Open Notepad and paste the following:

<?xml version="1.0" encoding="utf-8" ?>
<Configuration version="1.0">
 <Feature Name="MailboxProvisioning" Cmdlets="new-mailbox">
  <ApiCall Name="OnComplete">
   if($succeeded)    {
    $newmailbox = $provisioningHandler.UserSpecifiedParameters["Name"]
    set-casmailbox $newmailbox -ImapEnabled $false
   }
  </ApiCall>
 </Feature>
</Configuration>

Save the file as ScriptingAgentConfig.xml in the \bin\CmdletExtensionAgents folder, which, by default is C:\Program Files\Microsoft\Exchange Server\V14\Bin\CmdletExtensionAgents

Let’s break down how this works. In our code, the highlighted sections are where we need to focus, Notice this line: <Feature Name=”MailboxProvisioning” Cmdlets=”new-mailbox”>. The “cmdlets” parameter dictates what cmdlets will fire our custom event. In this case, whenever new-mailbox is executed. We can define multiple cmdlets here, separating them with a comma.The very next line, <ApiCall Name=”OnComplete”> defines when during the new-mailbox process our custom event will fire. Here, it’s OnComplete, or after the new-mailbox command finishes. We can also use “validate”, to trigger an event after Exchange determines new-mailbox is a valid command and has all of the info it needs. “validate” is where we could export a mailbox during remove-mailbox, as it occurs after validation, but before the mailbox is actually removed.

For the sake of keeping things simple here, we’ll disable IMAP on a new mailbox as an example. In order to disable the IMAP feature, we normally run the set-casmailbox cmdlet (or use EMC, which just calls set-casmailbox), which requires a mailbox name. So, we use $newmailbox = $provisioningHandler.UserSpecifiedParameters[“Name”] to assign the mailbox name used in the new-mailbox cmdlet to a variable, $newmailbox. After that, we simply run set-casmailbox $newmailbox -ImapEnabled $false like we would from EMS or a .ps1 script. That’s it!

Before we try out our new found feature, we need to enable the Cmdlet Extension Agent. Open an Exchange Management Shell window and use the following command:

Enable-CmdletExtensionAgent "Scripting Agent"

Now – using either EMS or EMC, create a new mailbox. Once it’s created, look at the Mailbox Features tab of the mailbox, and you’ll see that IMAP is disabled:

You can certainly perform multiple actions, if you’d like, by simply specifying each command on a new line. If you’d like to take complex actions after new-mailbox (or any cmdlet), you can also call an external script by placing the path and script name in the .xml file.

$newmailbox = $provisioningHandler.UserSpecifiedParameters["Name"]
c:\myscript.ps1 -name $newmailbox

Keep in mind that you can’t do things like write-host or dump other outputs to the console screen. If you’d like to look at some other samples, look at the ScriptingAgentConfig.sample file in the \CmdletExtensionAgents folder in Notepad.

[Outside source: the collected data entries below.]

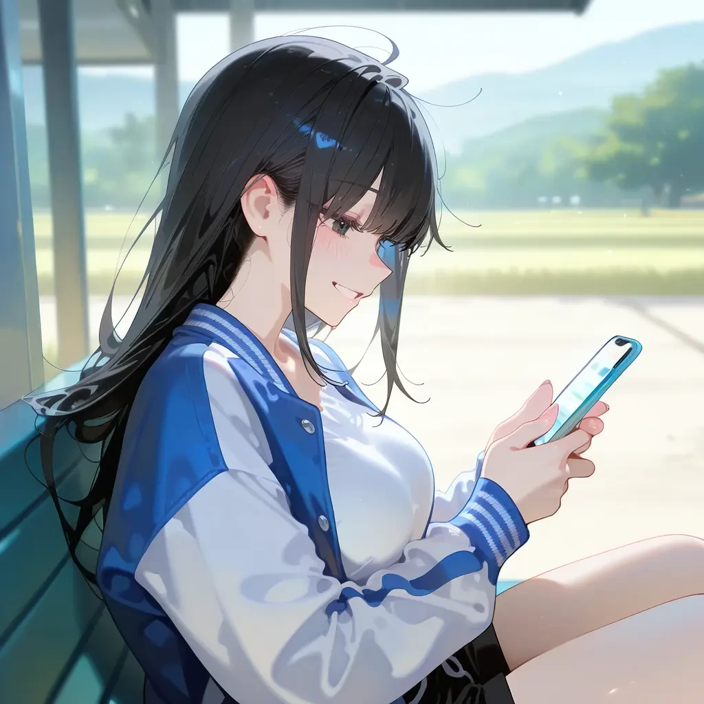 그 시각, 이예나는 집 가는 버스 정류장 벤치에 앉아서 Guest의 반응을 기다립니다. ㅋㅋ 지금 속으로 존나 빡쳐하겠지?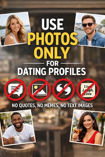 It’s a good idea to upload photos that are used exclusively for your dating profile. Avoid reusing pictures from your social media accounts such as Facebook, Instagram, LinkedIn, or X. Scammers often perform reverse image searches to find additional information about you, so keeping your dating photos separate adds an extra layer of privacy.
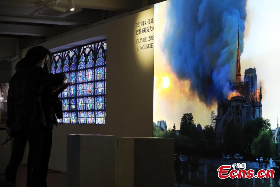 A visitor takes photos of an exhibit during the world's first immersive exhibition on Notre-Dame de Paris, marking its Asian debut in Shanghai, Dec. 5, 2022. (Photo: China News Service/Tang Yanjun)
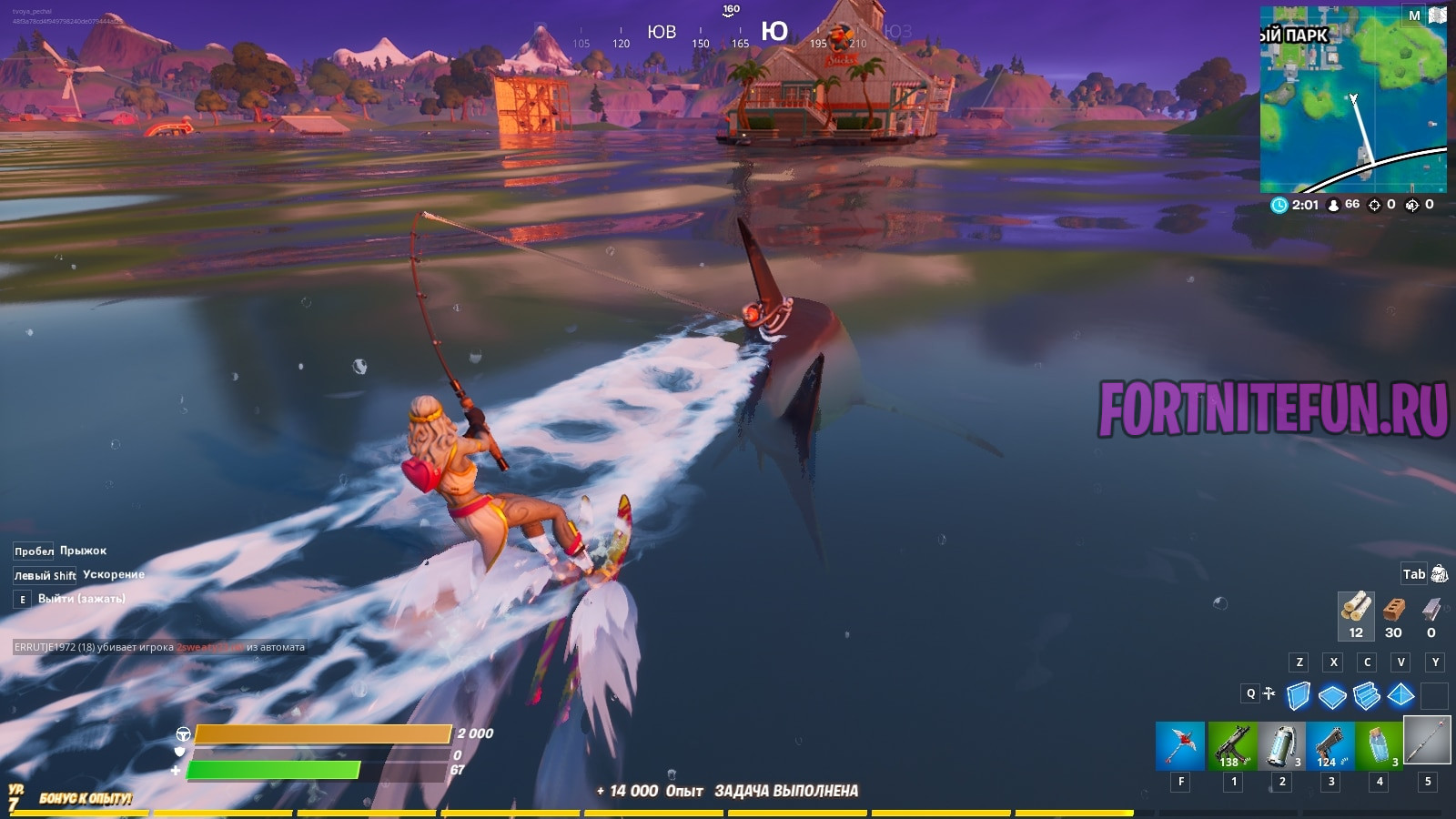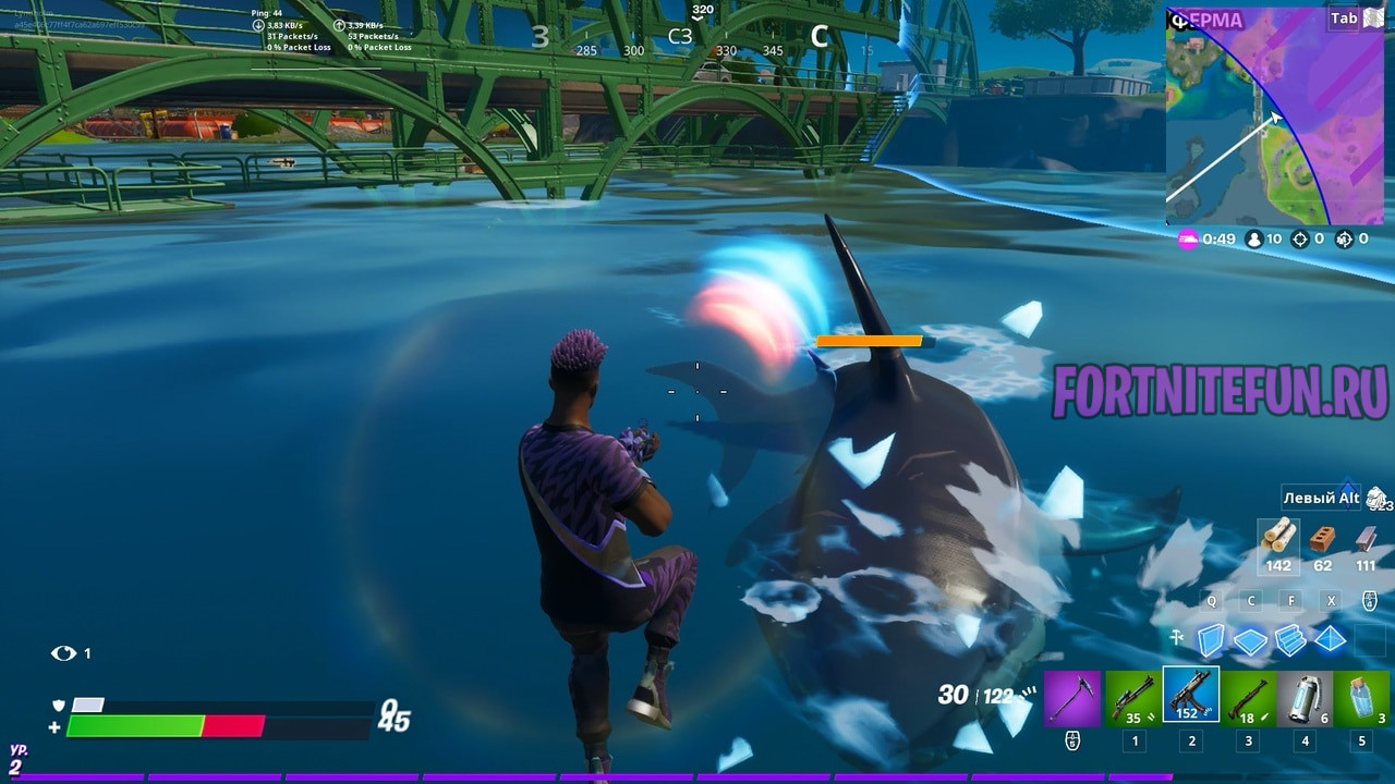 Акулы фортнайт, помимо смертельной опасности, могут представлять собой еще и транспорт. Вам необходимо рыбачить возле акулы или кинуть удочку в нее, чтобы она вас повезла на своем плавнике.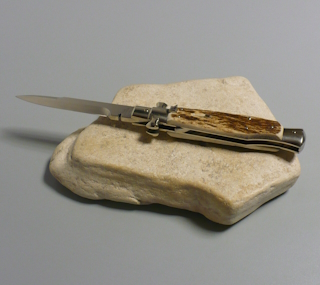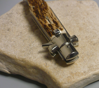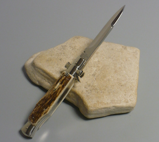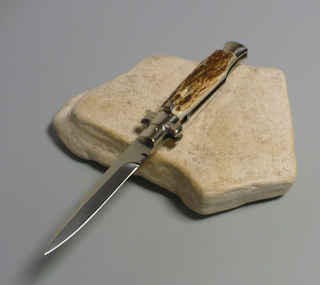 Coltello a scatto Cm.28 Mod.Black Widow Corno di cervo reale europeo - Italian stiletto
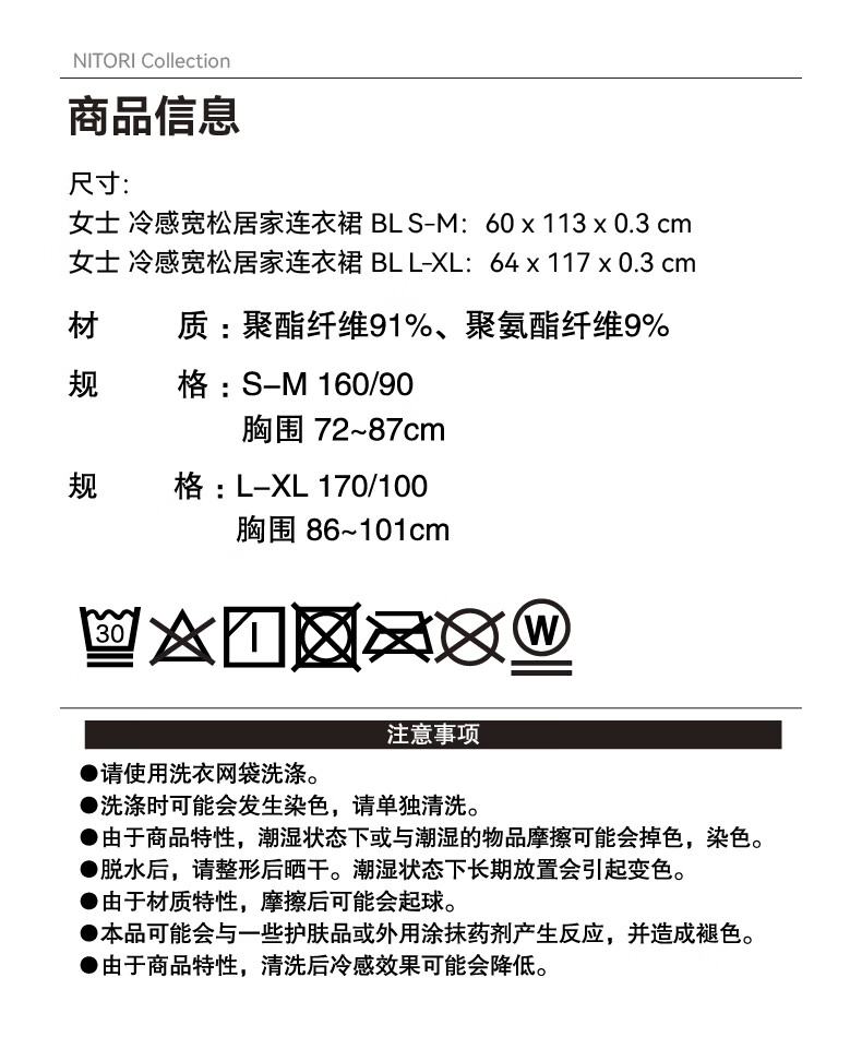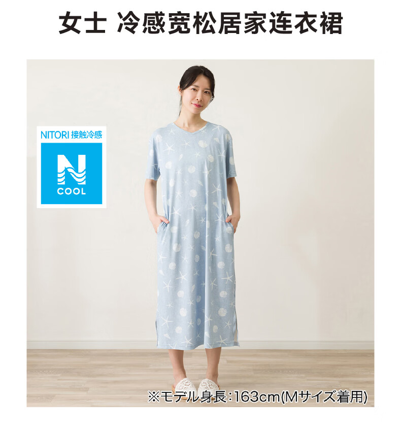 NITORI宜得利家居 女士凉感睡衣冷感夏季短袖连衣裙居家外出宽松连衣裙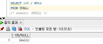 위의 쿼리를 실행하였을때 분모가 0이면 아래와 같은 형태로 바뀌어 실행되며 오류가 발생하지 않게 된다.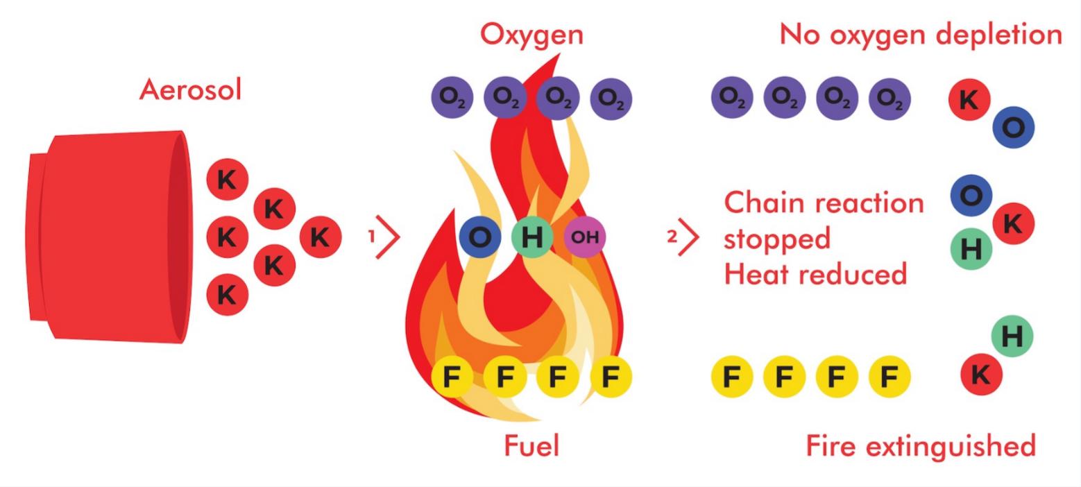 热气溶胶产气剂是一种由氧化剂、还原剂、燃烧速度控制剂和粘合剂组成的固体化学混合物。通过电(热)启动后,其自身发生氧化还原反应形成大量凝集型灭火气溶胶,气溶胶中的金属盐微粒在高温下吸收大量的热,从而降低火焰温度,抑制燃烧反应。同时在热作用下,灭火气溶胶气体中的气化金属离子、阳离子可以与燃烧中的活性基团发生亲和反应,反复大量消耗活性基团,减少燃烧自由基,并高效吸收火焰中的燃烧自由基,达到化学抑制作用。灭火气溶胶中的N2、CO2可以降低燃烧中氧浓度,通过物理、化学等多种灭火机理共同作用达到灭火目的。而灭火气体中包裹着固体颗粒形成的气溶胶,可以长时间悬浮、散布到各个角落,实现全淹没的方式高效灭火。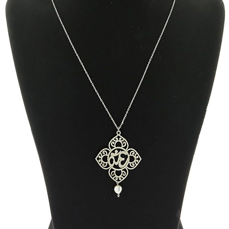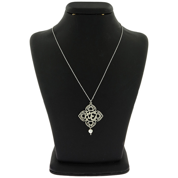 گردنبند زنانه نقره گالری عزیزی طرح اٌم مدل 14611 از جنس نقره با عیار 925 ساخته شده است . این گردنبند تشکیل شده از زنجیر نقره و پلاک طرح اٌم نقره با عیار 925 که تماما دستساز بوده و هنر اره کاری جواهر به این شکل رسیده است .. این گردنبند بسیار ظریف و خاص است و گزینه بی همتایی برای خاص و شیک پسندان است . که استایل منحصر به فردی داشتن برایشان مهم میباشد تعریف نماد اٌم در باور بسیاری از مردمان جهان باعث افزایش انرژی و صدای هستی مینامند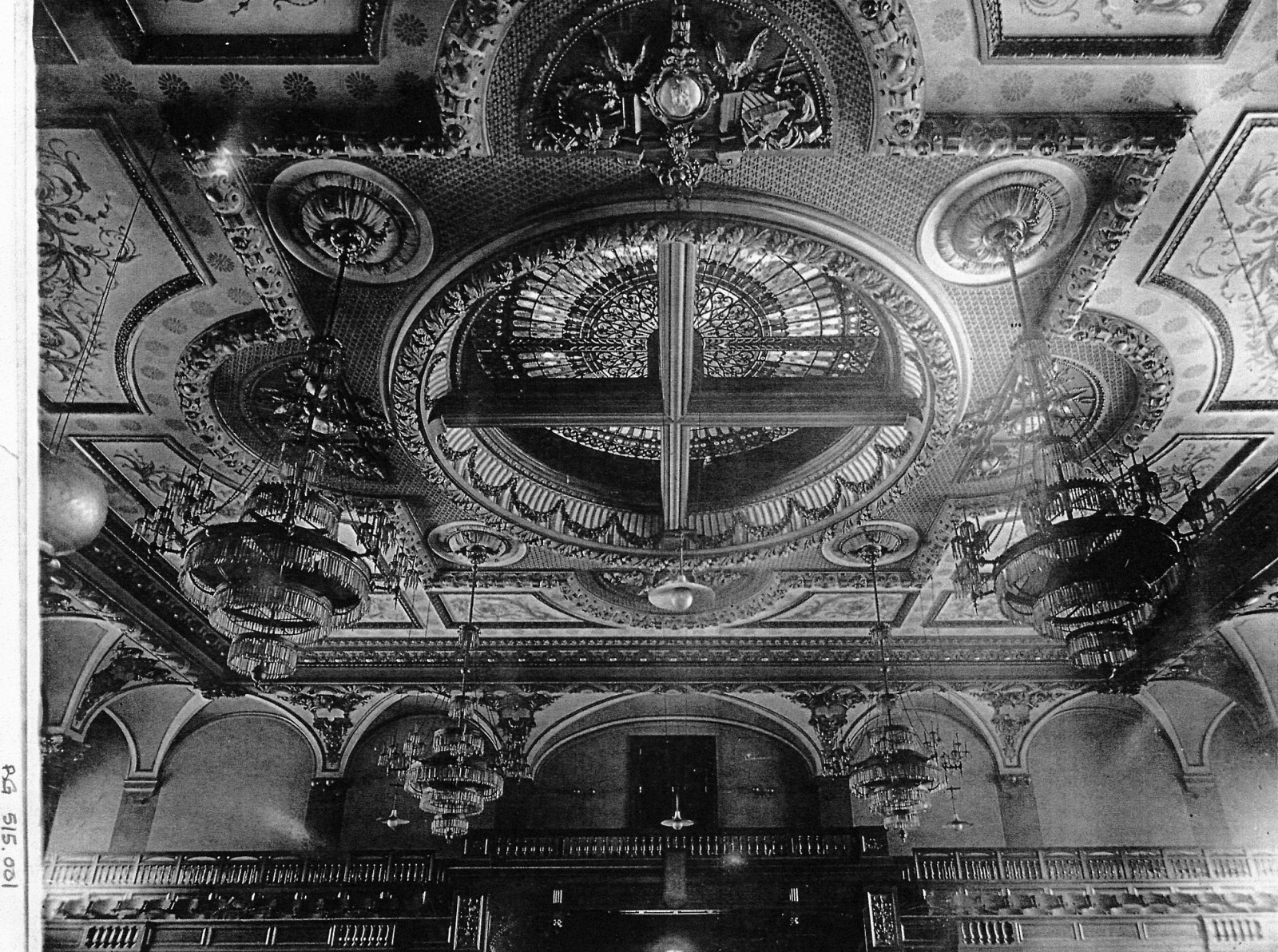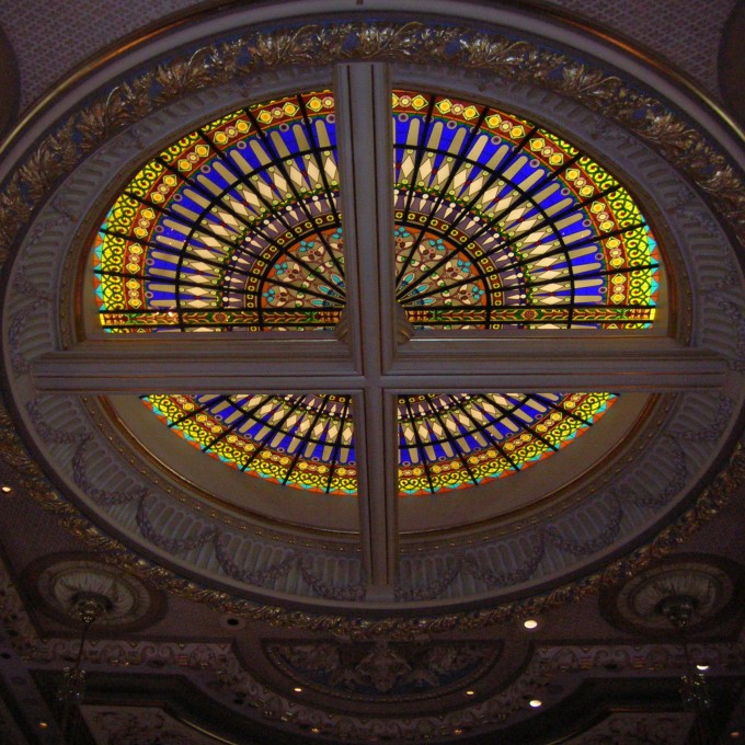 The Illinois State Capitol was constructed from 1868 to 1888 to the design of architects J. C. Cochrane, George Garnsey, and Alfred Piquenard. The primary interior spaces include a variety of elaborate decorative elements, including multiple types of marble, stenciled and gilded plaster, and leaded art glass.

As you can see, the possibilities here are endless. We can automate many tasks, and, with the power of PowerShell, perform many actions not available in the Exchange Management Console.

Caveats: If you have more than one server running Exchange 2010, you’ll need to enable the extension agent on each, and create the .xml file.

I write a LOT of things that include technical terms, including email, book chapters, and client documentation. Of course, being the good soldier that I am, I try to spell and grammar check things so that the communications don’t make me look like a blabbering idiot.

The problem is that I’m constantly adding terms to the dictionary as I come across them. This include a ton of PowerShell, and usually, Exchange specific cmdlets. When I switched to a new workstation a week ago, I figured it was time to make life earlier. I mentioned online that there had to be a way to easily take a full list of PowerShell cmdlets and functions and dump them into the dictionary. Fellow Exchange MVP Michael B. Smith said it should be easy in PowerShell, and could be done in a single line of code. So we started to collaborate via Facebook (of all places!) on a solution. Michael posted the solution at Simplifying Life for Exchange Authors. I recommend you read his post for a way to do this painlessly. Thanks to Michael for indulging me.

After we came up with working code, it dawned on my that not everyone has remote PowerShell sessions into Exchange servers from their workstations. So I figured I’d make life a little easier, and compiled some various pieces together into a script. The script below will get a list of all Exchange servers in the same AD site as your workstation, randomly pick one, and establish a remote PowerShell session to it. Once established, it will dump all PowerShell functions and cmdlets to the Office dictionary. Copy the following code into Notepad on your workstation:

function Get-ExchangeServerInSite {
    $ADSite = [System.DirectoryServices.ActiveDirectory.ActiveDirectorySite]
    $siteDN = $ADSite::GetComputerSite().GetDirectoryEntry().distinguishedName
    $configNC=([ADSI]"LDAP://RootDse").configurationNamingContext
    $search = new-object DirectoryServices.DirectorySearcher([ADSI]"LDAP://$configNC")
    $objectClass = "objectClass=msExchExchangeServer"
    $version = "versionNumber>=1937801568"
    $site = "msExchServerSite=$siteDN"
    $search.Filter = "(&($objectClass)($version)($site))"
    $search.PageSize=1000
    [void] $search.PropertiesToLoad.Add("name")
    [void] $search.PropertiesToLoad.Add("msexchcurrentserverroles")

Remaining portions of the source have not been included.